- [Input data]:
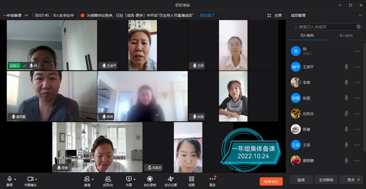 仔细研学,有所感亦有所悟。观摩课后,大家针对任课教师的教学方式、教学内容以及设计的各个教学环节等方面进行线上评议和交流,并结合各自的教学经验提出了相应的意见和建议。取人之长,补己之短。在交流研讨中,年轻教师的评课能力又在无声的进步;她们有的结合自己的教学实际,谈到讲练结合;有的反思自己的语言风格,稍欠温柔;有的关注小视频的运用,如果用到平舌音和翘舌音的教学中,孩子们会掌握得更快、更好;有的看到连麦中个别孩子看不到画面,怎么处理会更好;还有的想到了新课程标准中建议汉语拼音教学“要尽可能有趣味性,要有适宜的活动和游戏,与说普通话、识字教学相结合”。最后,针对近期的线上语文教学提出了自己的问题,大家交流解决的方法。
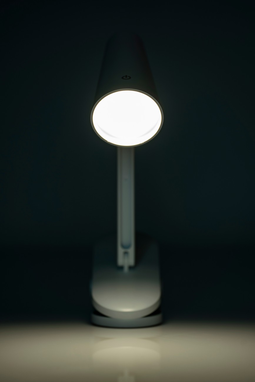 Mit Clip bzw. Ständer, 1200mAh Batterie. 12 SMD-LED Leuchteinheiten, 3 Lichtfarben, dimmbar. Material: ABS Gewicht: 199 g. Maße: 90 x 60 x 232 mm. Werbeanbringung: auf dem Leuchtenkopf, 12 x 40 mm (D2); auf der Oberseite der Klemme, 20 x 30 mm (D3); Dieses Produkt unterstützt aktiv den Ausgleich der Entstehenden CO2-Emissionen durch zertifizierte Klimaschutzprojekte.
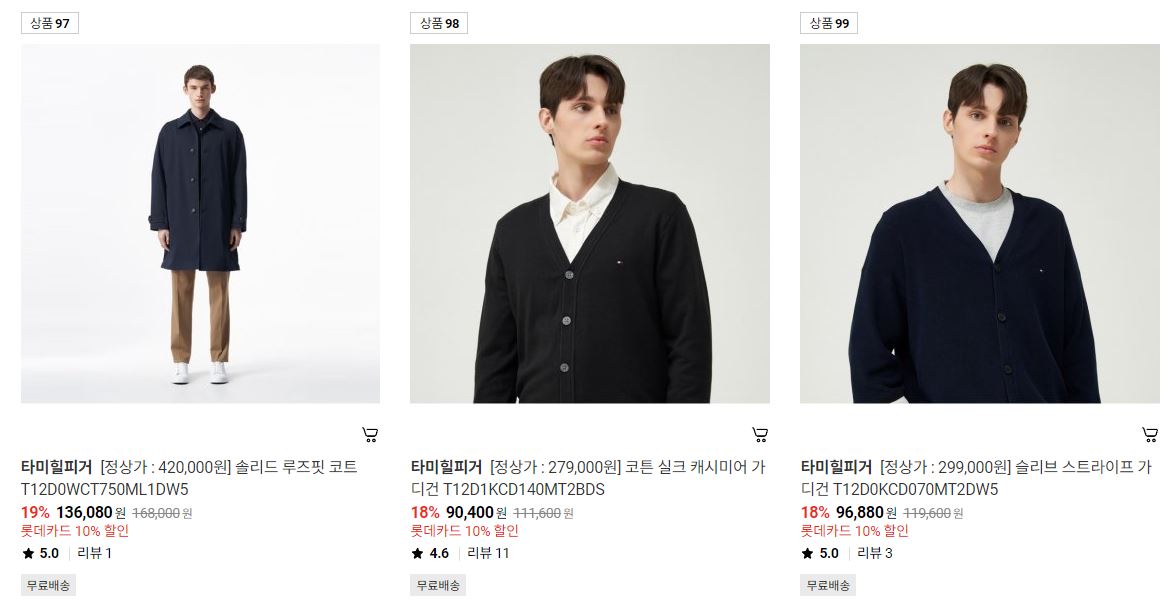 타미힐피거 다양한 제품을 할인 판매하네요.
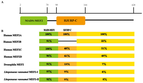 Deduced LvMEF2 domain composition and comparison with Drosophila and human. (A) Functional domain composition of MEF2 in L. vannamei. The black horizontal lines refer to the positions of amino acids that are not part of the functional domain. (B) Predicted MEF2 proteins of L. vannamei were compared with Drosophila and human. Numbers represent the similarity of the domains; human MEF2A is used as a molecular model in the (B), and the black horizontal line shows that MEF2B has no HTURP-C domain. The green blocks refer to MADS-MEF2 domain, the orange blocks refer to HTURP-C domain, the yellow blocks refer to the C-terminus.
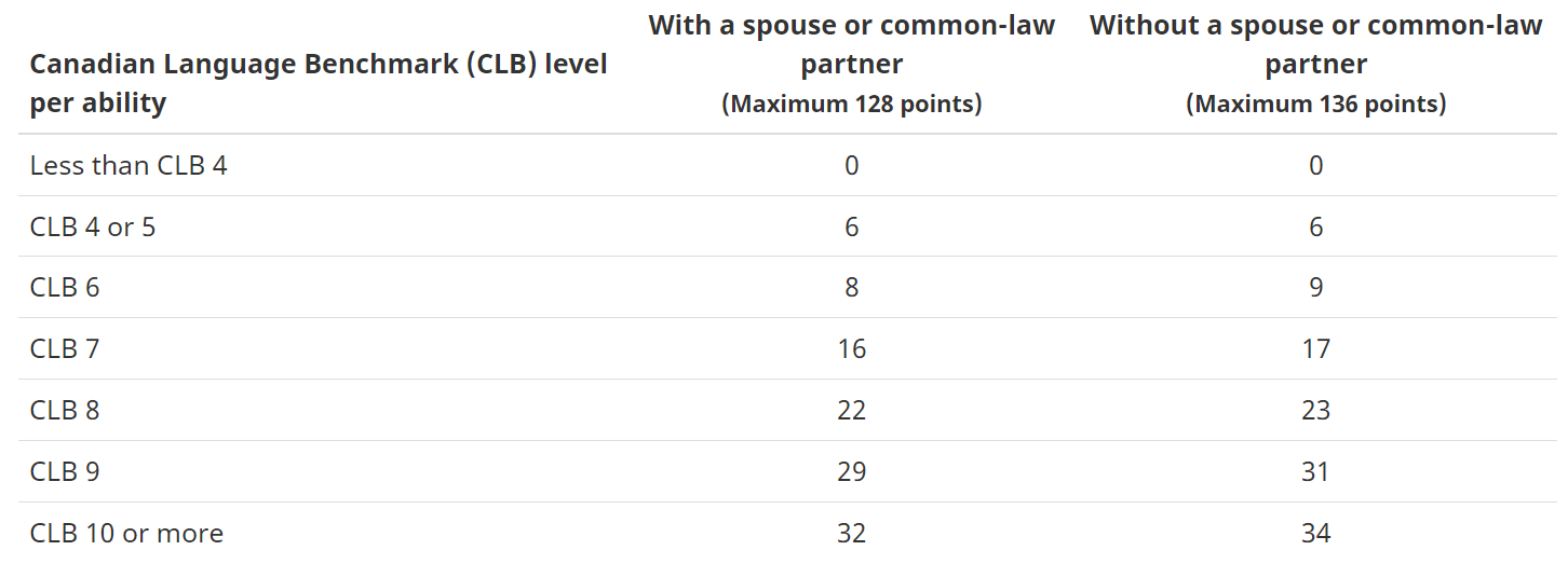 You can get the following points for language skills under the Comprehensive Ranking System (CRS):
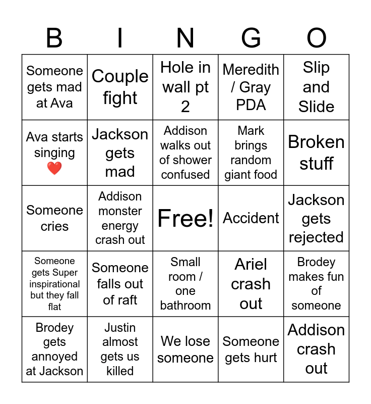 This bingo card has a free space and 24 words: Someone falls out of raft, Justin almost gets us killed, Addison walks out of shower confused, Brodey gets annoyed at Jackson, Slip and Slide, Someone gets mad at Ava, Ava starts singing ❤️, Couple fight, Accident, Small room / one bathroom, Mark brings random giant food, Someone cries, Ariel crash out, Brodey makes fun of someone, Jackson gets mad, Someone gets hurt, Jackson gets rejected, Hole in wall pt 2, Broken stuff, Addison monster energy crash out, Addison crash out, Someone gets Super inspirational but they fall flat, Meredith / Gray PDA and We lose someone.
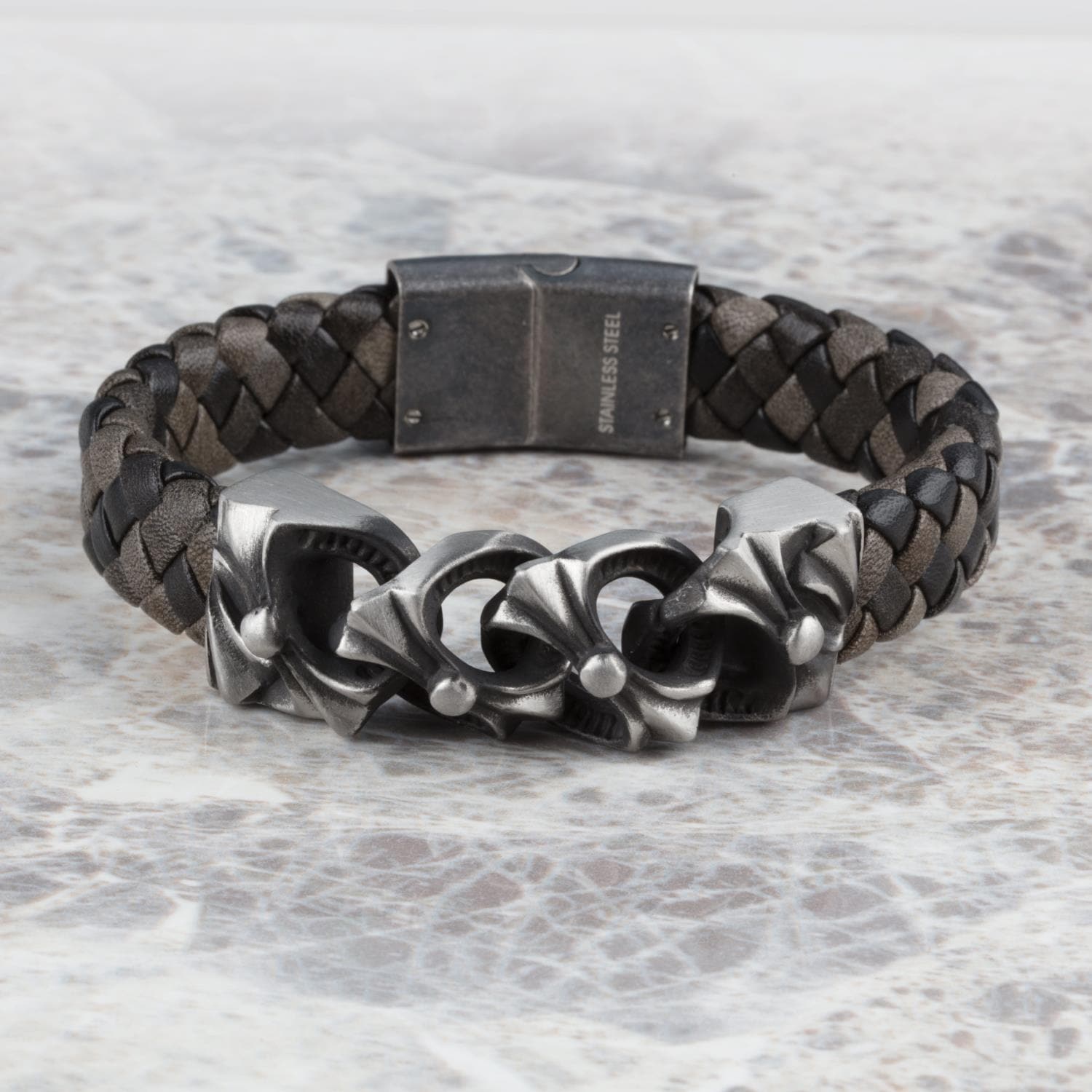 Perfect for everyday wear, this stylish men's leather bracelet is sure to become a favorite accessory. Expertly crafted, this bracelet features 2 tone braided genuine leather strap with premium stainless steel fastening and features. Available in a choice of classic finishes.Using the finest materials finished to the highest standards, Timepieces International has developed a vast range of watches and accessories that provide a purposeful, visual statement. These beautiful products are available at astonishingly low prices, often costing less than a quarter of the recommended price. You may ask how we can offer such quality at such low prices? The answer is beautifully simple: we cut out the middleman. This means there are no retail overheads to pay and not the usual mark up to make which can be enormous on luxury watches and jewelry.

- [Problem to solve]:
Go back to the listing above and reproduce, exactly, the stretch from the line bearing "타미힐피거 다양한 제품을 할인 판매하네요." through the line bearing "Deduced LvMEF2 domain", without its pictures.

- [Answer below]:
 타미힐피거 다양한 제품을 할인 판매하네요.
 Deduced LvMEF2 domain composition and comparison with Drosophila and human. (A) Functional domain composition of MEF2 in L. vannamei. The black horizontal lines refer to the positions of amino acids that are not part of the functional domain. (B) Predicted MEF2 proteins of L. vannamei were compared with Drosophila and human. Numbers represent the similarity of the domains; human MEF2A is used as a molecular model in the (B), and the black horizontal line shows that MEF2B has no HTURP-C domain. The green blocks refer to MADS-MEF2 domain, the orange blocks refer to HTURP-C domain, the yellow blocks refer to the C-terminus.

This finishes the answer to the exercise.